John Tierney is "Daring to Discuss Women in Science" in the New York Times. In the first column of a proposed series on the topic, Tierney examines the existence of gender bias in the sciences. In considering the House of Representatives' recent passage of the "Fulfilling the potential of women in academic science and engineering" legislation, Tierney is not convinced that — if approved by the Senate — the law would solve gender inequities in science.

He goes on to "mention new evidence supporting Dr. [Lawrence] Summers' controversial hypothesis about differences in the sexes' aptitude for math and science," and says that while "men and women might, on average, have equal mathematical ability, but there could still be disproportionately more men with very low or very high scores." Therefore, in agreement with Summers, Tierney goes on to opine that "a tenured physicist at a leading university … might well need skills and traits found in only one person in 10,000: the top 0.01 percent of the population, a tiny group that would presumably include more men because it's at the extreme right tail of the distribution curve." Tierney is aware that test scores are "hardly the only factor important for a successful career in science, and no one claims that the right-tail disparity is the sole reason for the relatively low number of female professors in math-oriented sciences." He acknowledges the potential for further biological and cultural biases against women.

Blogger FemaleScienceProfessor doesn't "want to write about Tierney again," she says, but goes on to write that Tierney's essay references "flawed studies" and suggests — sarcastically — that "if women were good at math and science, perhaps they would understand these scientific studies with all the numbers in them." The blogger "reluctantly" agrees with Tierney's opinion of mandated workshops to "enhance gender equality." FSP says that "in all likelihood, these would be yet another sounds-good-in-theory administrative requirement that PIs and others would have to sit through to be allowed to run our research groups."

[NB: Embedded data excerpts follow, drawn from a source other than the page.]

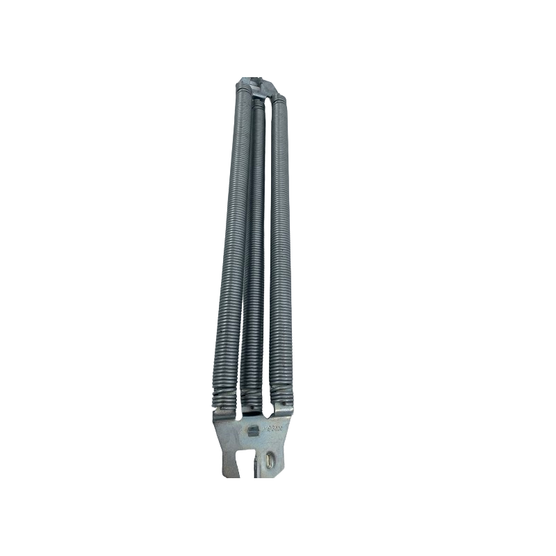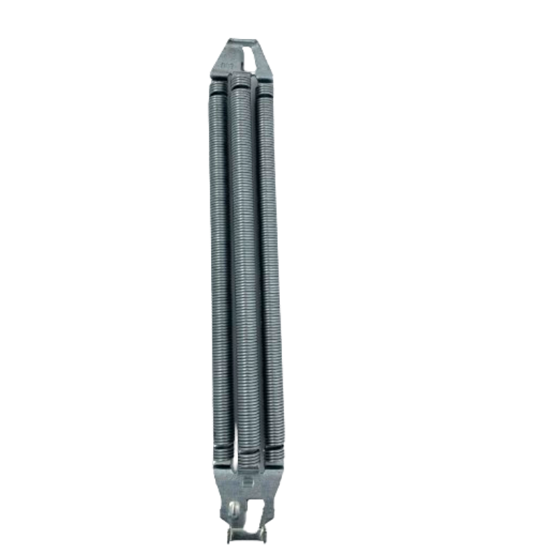Jeu de 3 ressorts de traction d'origine numéro 2, 02 ou 002 Tubauto montés sur leurs crochets pour portes de garage basculantes.
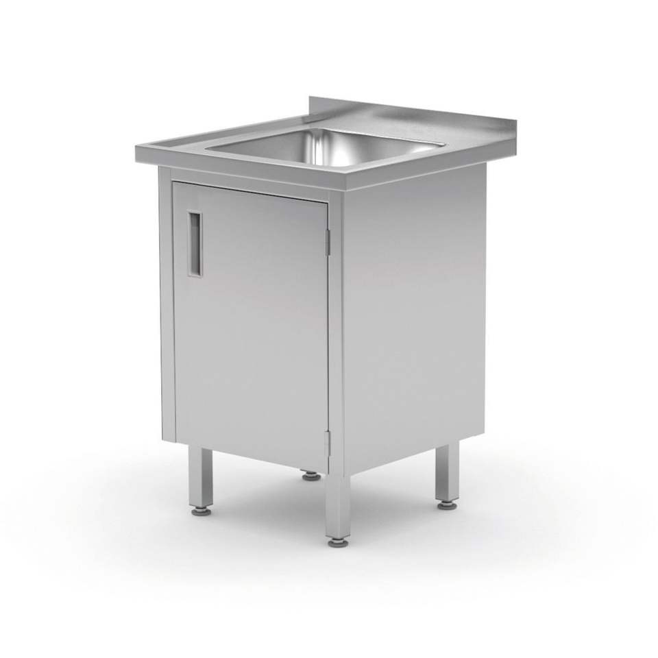 Meuble de cuisine soudé HENDI Profi Line 600x600x(H)850mm avec évier et portes battantes
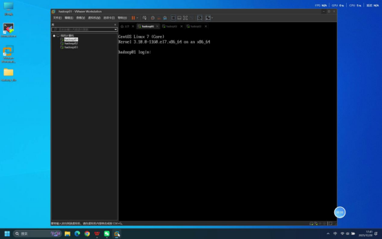操作说明:分别检查3台虚拟机(hadoop01、hadoop02、hadoop03)的启动状态,确保每台虚拟机系统加载完成,均已到达登录页面。
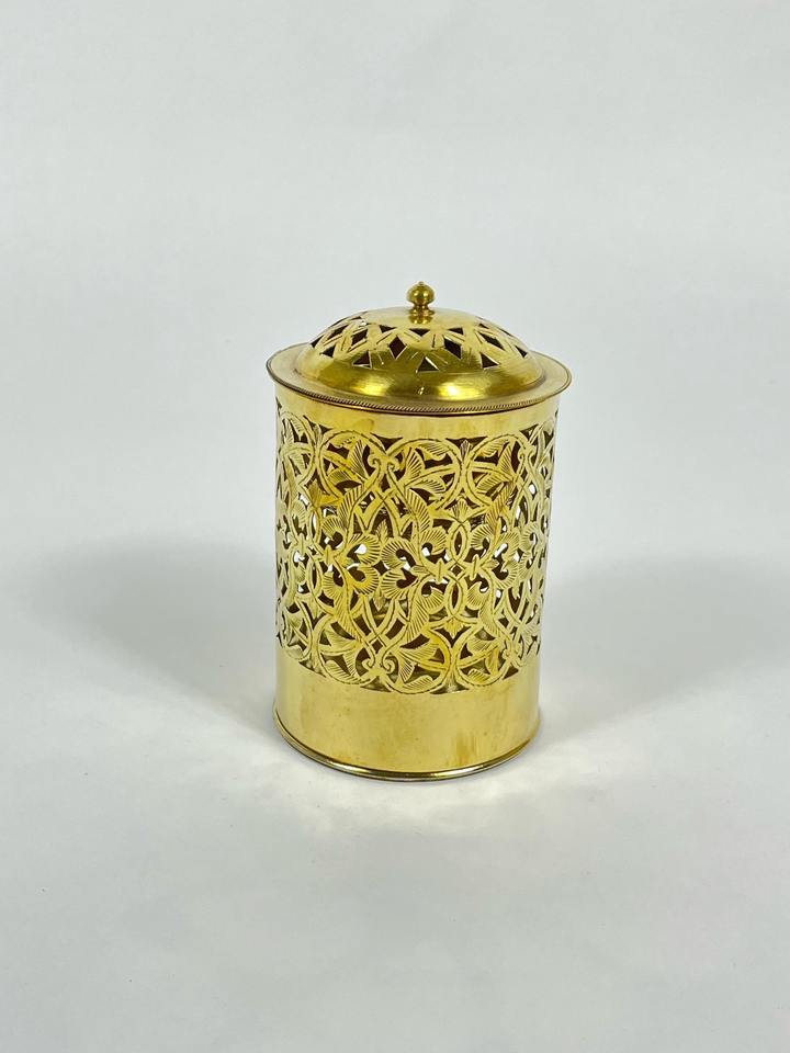 ถังขยะทองเหลืองโมร็อกโกทำมือ พร้อมลวดลายฉลุอย่างประณีต ถังขยะดีไซน์สวยงามสำหรับบ้าน ห้องนอน และห้องนั่งเล่น จากอินเดีย
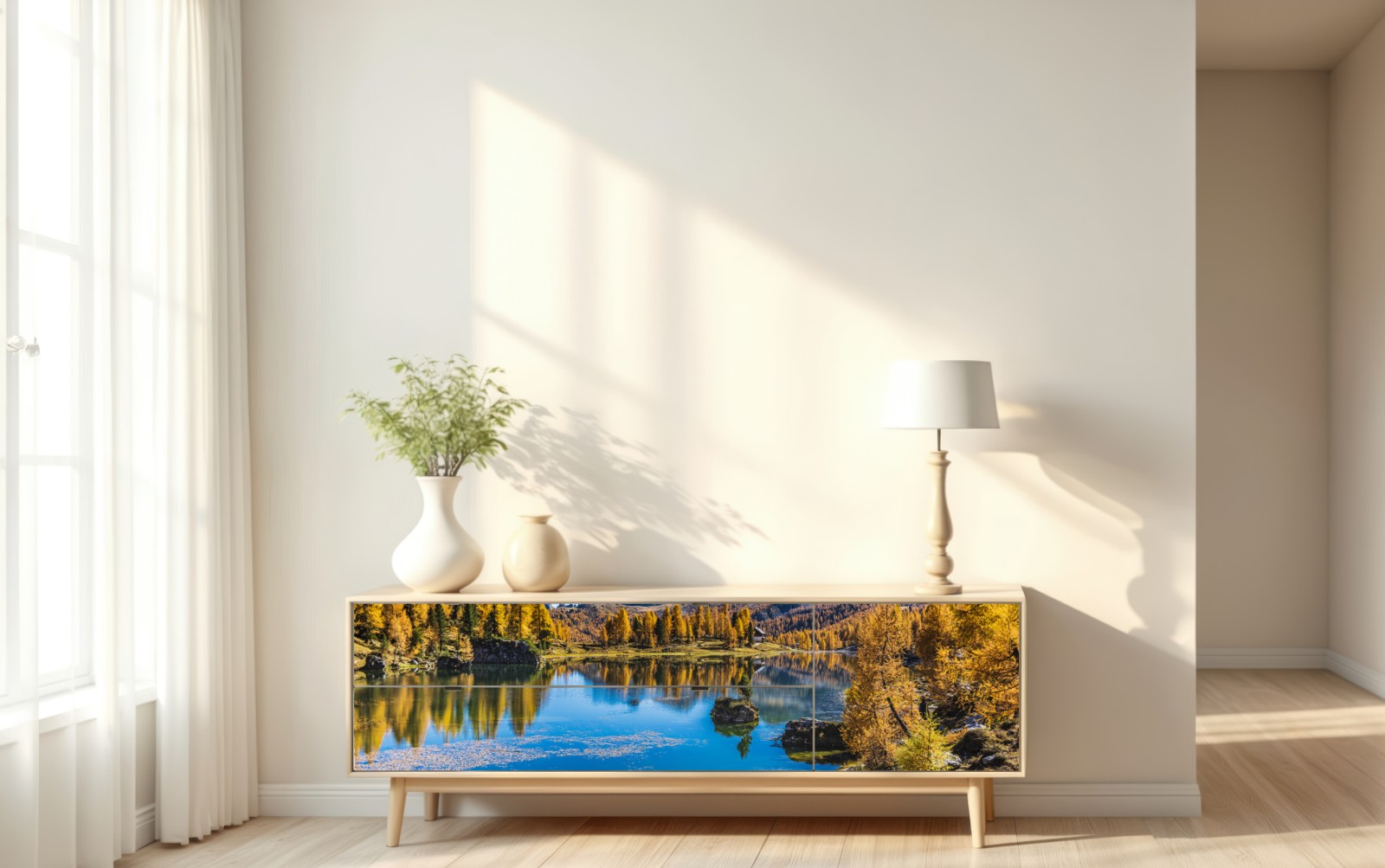 Repositionierbarer Aufkleber Herbstlicher alpensee mit bergreflexion
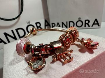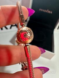 Bracciale originale Pandora in oro rosa, moments con chiusura a sfera con 7 charm, misura 18
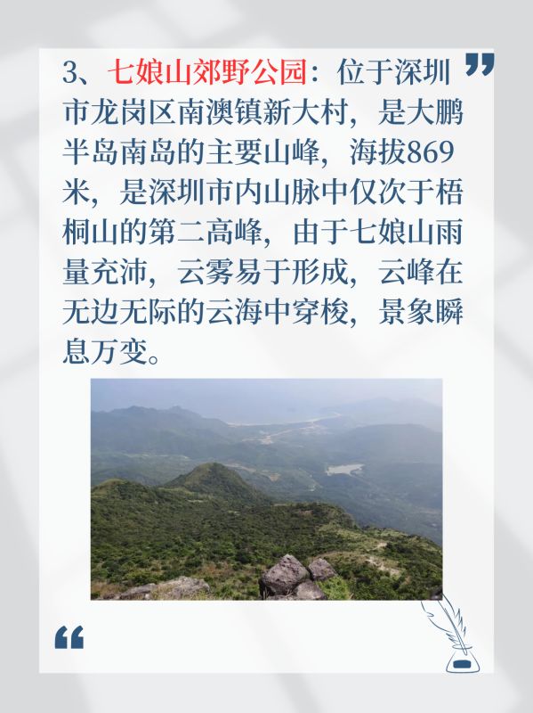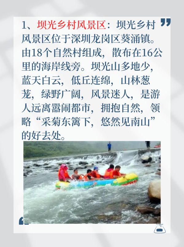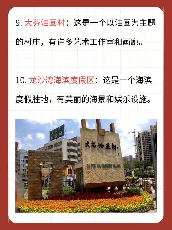 我认为:龙岗区是深圳市的一个区域,周边有许多有趣的旅游景区,它们各具特色,值得一游。
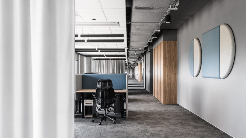 Nordic Cool has become our guide to the creative search for architectural solutions for the Visma Krakow office. As such, we weren’t expected to go into some colorful frenzy. To this effect, light wood, shades of gray and blue, materials such as concrete or stone, prevail in the office space.
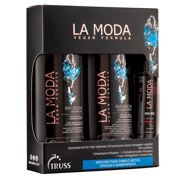 - TRUSS La Moda Infusion Kit - Shampoo, Conditioner, and Deluxe Prime for Dry, Dull, Damaged Hair - 100% Vegan Keratin & Collagen Anti-aging, Hydrates & Restores for Strong, Shiny Hair
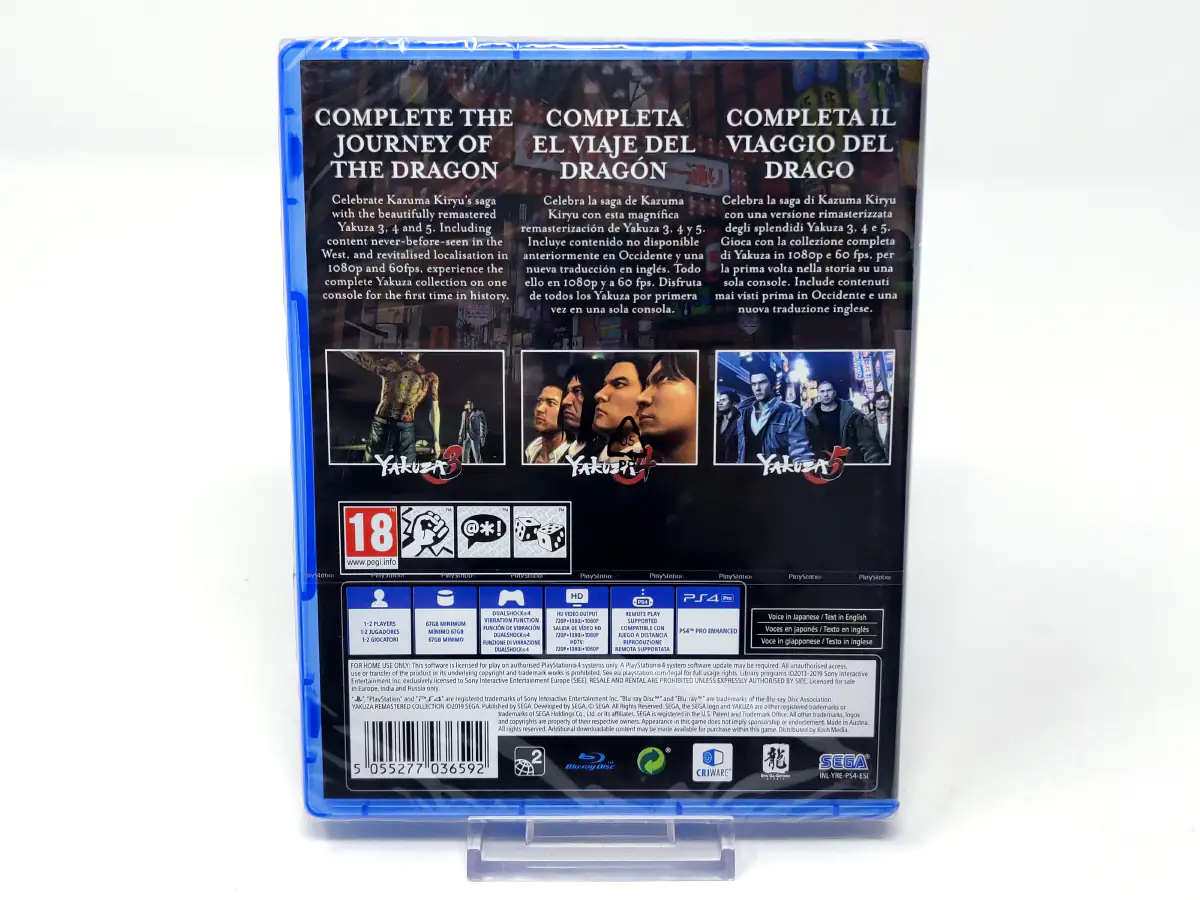 Celebra la saga de Kazuma Kiryu con Yakuza 3, 4 y 5 bellamente remasterizados. Con contenido restaurado y localización actualizada en 1080p y 60 fps, experimenta la colección completa de Yakuza en una consola por primera vez en la historia.

While the discussion of gender disparities in science is certainly not a new one, it has been creeping up in just about every corner of the blogosphere. Recenltly, blogger PZ Myers at Pharyngula wrote that "one of the most cunning tools of the patriarchy is the assignment of woo as a feminine virtue. ... It's a double-trap; women are brought up indoctrinated into believing that being smart and skeptical is unladylike and unattractive." Meanwhile, over at The Scientist, Edyta Zielinska examines whether women make more effective lab leaders than men. The author's conclusion? "Possibly," though Zielinska quotes experts who are quick to point out gender differences in management styles.